If I write something along the lines of

  int& bar = *foo

  if(!foo) {
    // do something
  }

The compiler very well might (and would be perfectly within its rights to) completely eliminate everything inside of the if(!foo) since it can assume the pointer is non-null because it is being dereferenced.

ncmncm · on April 23, 2019

This is very definitely false. That is totally UB, launch-the-missiles stuff. Check your references before you repeat this silliness.

kevin_thibedeau · on April 23, 2019

Definitely not true. Consider an IoT device without an MMU.

AnimalMuppet · on April 23, 2019

Most of the ones of those I am familiar with had 0 as a non-writable address, so you'd still crash. [Edit: Though that's probably hardware specific, and the hardware was usually custom.] It might be called "bus error" or some such instead of "segfault", but it was pretty much the same behavior.

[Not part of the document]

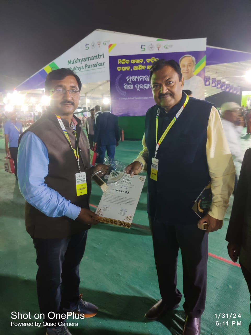 ପ୍ରଧାନ ଶିକ୍ଷକ ମନୋରଞ୍ଜନ ସାହୁ ଙ୍କୁ ଶ୍ରେଷ୍ଠ ପ୍ରଧାନ ଶିକ୍ଷକ ପୁରସ୍କାର ରେ ପୁରସ୍କୃତ

kevin_thibedeau · on April 23, 2019

Plenty of microcontrollers have a vector table at address 0. Best place to start injecting code.

AnimalMuppet · on April 23, 2019

Sure. The 68000 series did. But address 0 held the starting program counter, and address 4 held the starting stack pointer (or vice versa - it's been a while). Those two were usually mapped to ROM, because they had to have the right values even on cold boot. But that also meant that they weren't writable. So if you had a null pointer, you could read through it, but an attempt to write through it would give you a bus error.